Dai numeri del 2022, è chiaro che, nell’immediato, non sarà semplicissimo arrivare neanche a 250 milioni (se non con l’offerta pubblicitaria… e non è detto). Certo, se tra dieci anni il PIL indiano sarà aumentato notevolmente (e quindi le possibilità economiche di centinaia di milioni di persone in quella nazione) e magari la Cina si sarà aperta ai servizi streaming stranieri, potremo fare altri discorsi. Ma siamo nel 2022 e più che pensare ai possibili miglioramenti, forse è il caso di sperare solo di non finire in una recessione nei prossimi mesi, che spingerebbe tante persone a cancellare le spese non essenziali. Insomma, la situazione attuale è stata creata soprattutto da una serie di aspettative irrealistiche…

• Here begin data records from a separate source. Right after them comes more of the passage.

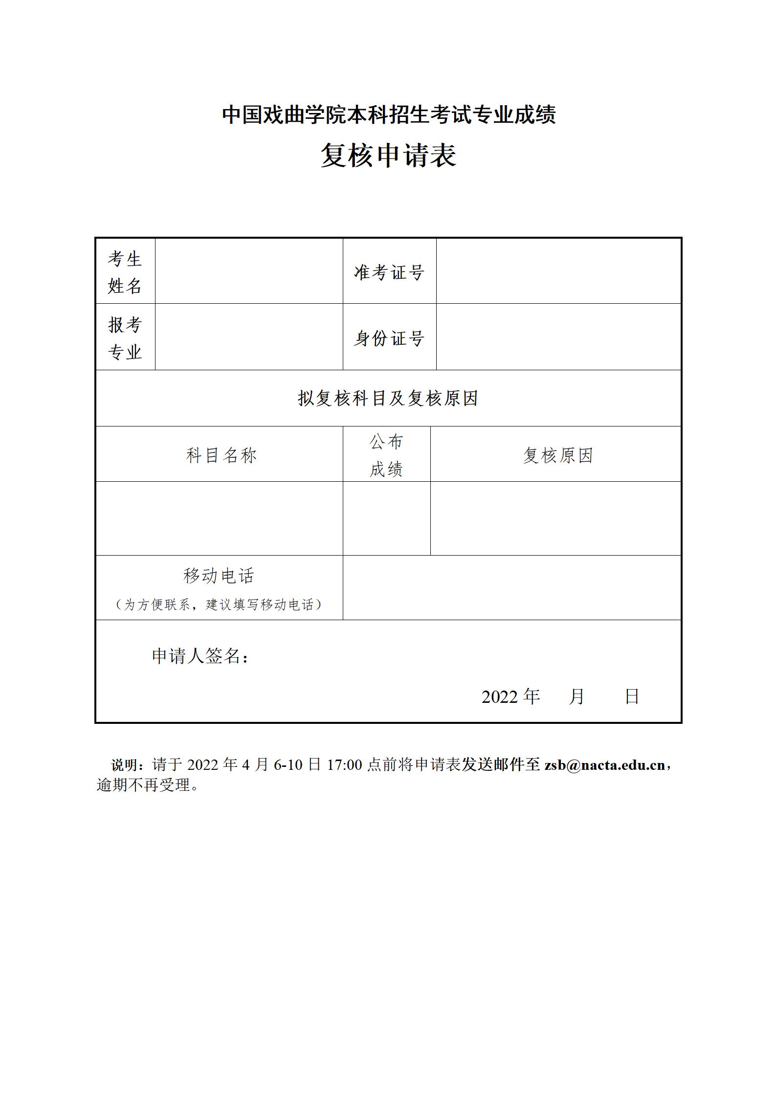 中国戏曲学院2022年本科招生专业考试合格成绩已公布,成绩查询网址为https://zs.nacta.edu.cn/f/enr/search 点击“专业合格查询入口”输入身份证号即可查询,请合格考生自行打印专业合格证并保存,截止时间为4月30日,我院不再寄发纸质专业合格证。专业考试不合格成绩将于4月6日-10日查询,对成绩有异议者在此期间填写中国戏曲学院本科招生专业考试成绩复核申请表并发送至招生办邮箱zsb@nacta.edu.cn,逾期不再受理。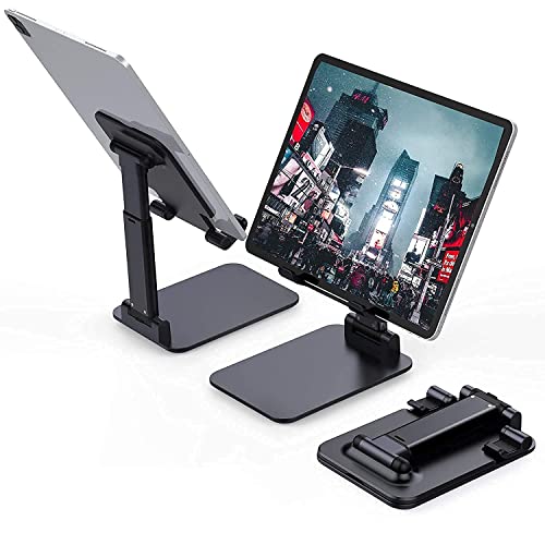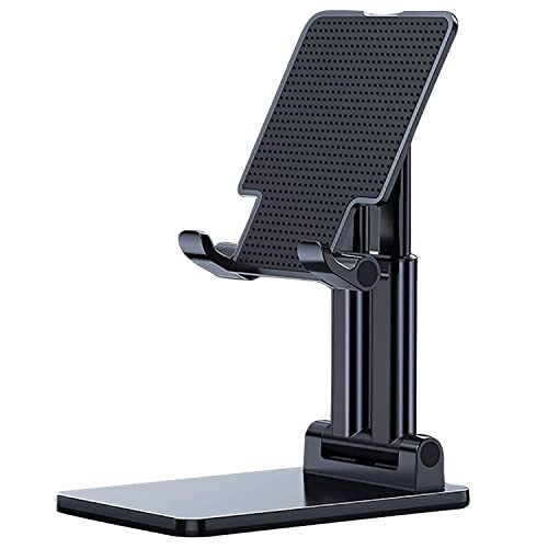 SYN SONS Desk Cell Phone Holder Foldable Mobile Phone Stand Holder -Angle & Height Adjustable Anti-Slip Compatible with Smartphones/iPad mini/Game/Kindle/Tablet Black (4-10″)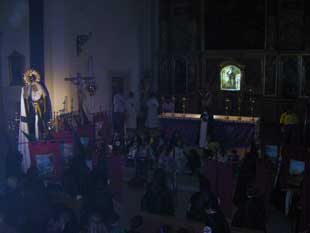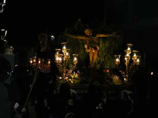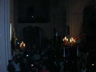 Por culpa de la lluvia hubo que recortar recorrido y procesionar por los soportales

Wall Street cattiva maestra
Un altro problema di questi anni, è stato il fatto che Wall Street ha spesso (e per troppi anni) premiato abbondantemente la crescita di alcune aziende ‘tech’, guardando solo al numero di abbonati/consumatori e non magari a parametri economici più affidabili. E non si tratta solo di Netflix, basti pensare a Uber o realtà simili.

La cosa drammatica delle ultime trimestrali, è che mettono in evidenza come non solo la crescita degli abbonati non migliori i conti (in diversi casi sono peggiorati, l’esempio supremo è Disney+), ma che anzi inseguire quell’obiettivo crea degli equivoci pericolosissimi. In effetti, è chiaro che molte realtà abbiano puntato su prezzi e offerte troppi bassi rispetto ai loro costi, con il risultato sì di aumentare gli abbonati, ma senza generare veri guadagni. Il paradosso è quindi che, mentre a logica verrebbe da pensare che “più abbonati, più profitti”, il modello che viene fuori è troppo spesso “più abbonati, meno profitti”…

Piattaforme: più costi e più churn
C’è chi lo ha spiegato meglio di quanto potrò mai fare io. Ma il modello OTT come lo conosciamo ha due problemi enormi, che lo rendono (anche nella migliore delle ipotesi e comunque tra qualche anno) meno profittevole di quanto fosse in passato la Pay Tv. Il primo problema è che ogni major (più tante aziende private, tra cui Netflix, Amazon e Apple) che ha aperto la sua piattaforma,avrà dei costi fissi di gestione importanti, che invece, nel modello precedente della pay tv, erano gestiti da singole realtà, che aggregavano diversi ‘editori’ televisivi e che potevano fare ottime economie di scala. Qui c’è poco da fare: avete voluto gestire direttamente gli abbonati (e i loro dati)? Vi beccate anche dei costi notevoli.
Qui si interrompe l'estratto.